Gareth Southgate was keen to dismiss any relevance whatsoever surrounding his moment of personal despair 25 years ago, the last time England and Germany met at Wembley in a major tournament.
But his team-sheet felt like a nod towards the kit he wore as a young, accomplished defender who erred in an-era defining moment of Euro 96 penalty shoot-out heartache.
The England XI he sent out on Tuesday was grey. Very grey. Potentially and hopefully granite like, but definitely dull.
There was no great surprise. A line-up of five defenders and two sitting midfielders had been widely floated before kick-off and the approach was of a type with England’s group-stage efforts of two goals scored and none conceded in three matches.
The clarity of Southgate’s game plans have been a strength of his reign and account for the goodwill towards him in the England squad. Players are rarely left scratching their heads by a manager who has their back.
But as Phil Foden, Mason Mount, Jack Grealish, Jadon Sancho, Marcus Rashford, Jude Bellingham and all their considerable creative gifts shuffled into position on the substitutes’ bench, it was hard to escape the sense of Southgate missing a trick.
Wing-back to the future
Either side of a raucous 4-2 win over Portugal – one that persuaded an entirely sensible switch to England’s wing-back system – Germany were fortunate to only lose 1-0 to France and scraped a chaotic 2-2 draw against Hungary to squeak through to the knockout rounds. They were unquestionably vulnerable.
Southgate could rightly contest that going gung-ho against elite opponents has rarely ended well during the nation’s 55 years of hurt, but the start was ominous.
Slow possession from kick-off saw Raheem Sterling, one of three attack-minded players in the XI, come deep and pass to Harry Maguire.
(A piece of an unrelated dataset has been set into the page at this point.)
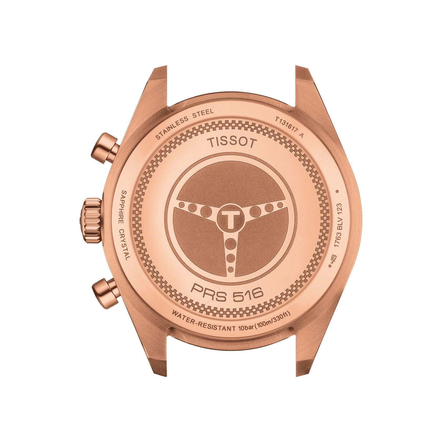 En myt född på 1960-talet, Tissot PRS 516 hyllar motorracing, vars inspiration kan hittas i knapparna som ser ut som kolvar samt baksidan graverad med bilden av rattarna på dessa racingbilar. Denna nya moderna version svarar på nuvarande trender med sitt 45 mm runda stålhölje och en tachymeterram.

Hoof! Then another one from goalkeeper Jordan Pickford.
Defensive numbers would be a moot point if England just kept giving the ball away to technically accomplished midfielders such as Leon Goretzka, who an overrun Declan Rice hauled down for a desperate eighth-minute foul that saw him booked.
Arm-wrestling the rippling Goretzka would probably be an awful experience, but that was effectively how England engaged Germany during a first half they gradually and painstakingly shoved into their favour.
Sterling and Bukayo Saka buzzed effervescently, too often lacking support. Kalvin Phillips burnished his ever-growing reputation as he faced down Goretzka, Toni Kroos and the roving Kai Havertz, while Kyle Walker, John Stones and the excellent Maguire encouraged their team out of a defensive shell and up the field.
Pragmatism wins prizes
Southgate’s template is one that necessitates half chances taken and key moments won. Jordan Pickford did his bit with a brilliant save in each half, but Harry Kane’s heavy touch towards the end of the first half showed him grasping for form. Alan Shearer branded that lost opportunity “a sitter” in his role as pundit on BBC.
It is a method that won Portugal Euro 2016 and France the 2018 World Cup, with extreme pragmatism laying a foundation for attackers flecked with magic to do the rest. But Portugal and France are already out here and Kane looked a shadow of the himself, unfit to be Southgate’s Ronaldo.
Drift was an inadequate description for an unremarkable second half, given everything from the football to the tension felt so heavy. Finally, Southgate turned to his bench for some of Grealish’s sparkle 69 minutes in.
Sterling had started to turn towards blind alleys rather than open spaces and relished a willing accomplice as he drove in field. Kane recycled possession to Grealish, who found Shaw. There was familiar Euro 2020 punctuation to a crisp move. England 1-0, Sterling.
Once again the toast of his boyhood neighbourhood after his third goal of the competition, the Manchester City forward erred horribly with pass towards his own goal in the 81st minute. Thomas Muller was through, but the inevitable didn’t happen.
Then a moment of salvation for Kane and his country, stooping to head home, with Grealish and Shaw again involved. Job done, demons slayed.
Perhaps we linger too much on results and let them paper over performances, but results are the strongest currency of all in tournament football. To put it in context, this was England’s first win in a major knockout match over a country with a world title to their name since overcoming West Germany in the 1966 World Cup final.
Whether it’s coming home or not, Southgate and his players have breached unchartered territory.
An expectation to take the game to Sweden or Ukraine in a Rome quarter-final will inevitably bring more cries against caution. But those are tomorrow’s problems in Southgate’s summer of Sterling.